I couldn't agree more.

It really boils down to the simple fact that class loading in the JVM - for 
the standard classloaders - is well-defined.

If a build tool is not able to reflect this, it is an unreliable build 
tool. It doesn't matter if anyone thinks CLASSPATH order shouldn't matter 
from a philosophical point of view. (And inconveniencing deps.edn users to 
go tell the authors of dependencies to "fix their resources" is not a 
realistic approach)

Providing dependencies in an unsorted map like deps.edn is doing now is 
inherently unstable. 
That doesn't necessarily make deps.edn unusable, but - as others have 
pointed out - a source of surprising errors.
Until an order is defined that survives changing OS/JVMs, I will advise 
anyone to not use deps.edn.

Furthermore, all build tools - with the exception of Bazel and derivates - 
do rely on transitive dependency resolution and thus also are inherently 
fragile.
But either through established practices or defined standards: they offer a 
way to define an order should conflicts arise.
(Take a look at https://issues.apache.org/jira/browse/MNG-1412 again for a 
longer discussion).

At the very least: The location of your own classpath entries must be 
well-defined.
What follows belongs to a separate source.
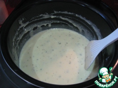 Получившуюся массу выложить в чашу мультиварки, закрыть крышку. Нажать кнопку "Меню". Установить программу "Мультиповар", время приготовления установить 7 минут, температуру установить 100*. Когда начнется обратный отсчет (или функция подогрев), открыть крышку и при постоянном помешивании довести массу до однородной консистенции. Держать помешивая 7 минут. Готовую массу перелить в отдельную емкость и дать остыть.

They are by default first on regular CLASSPATH.
I wasn't following the latest development on this, but I would assume that 
is a reasonable demand and has been fixed in newer tools.deps versions?

Thanks,
 Jochen

On Sunday, September 13, 2020 at 8:37:31 AM UTC-7 Matching Socks wrote:

> Too fragile.  This reminds me of the notion of "situated programming", 
> featured in the talk by Rich Hickey:  you and your programs operate in the 
> middle of a bizarre and changing situation.  For Clojure, the Java 
> ecosystem is part of that situation.  Even if some jars do not overlap 
> today, you will be forced to take a minor update someday that introduces a 
> clash.  Or perhaps (quite likely) jars do overlap today, but you will take 
> a minor update someday that causes the classpath to emerge from the 
> hash-map differently and your program won't work anymore.  The insight of 
> the theory of "situated programs" is, not to hit a cliff when a perfectly 
> legal quirk arises in the situation.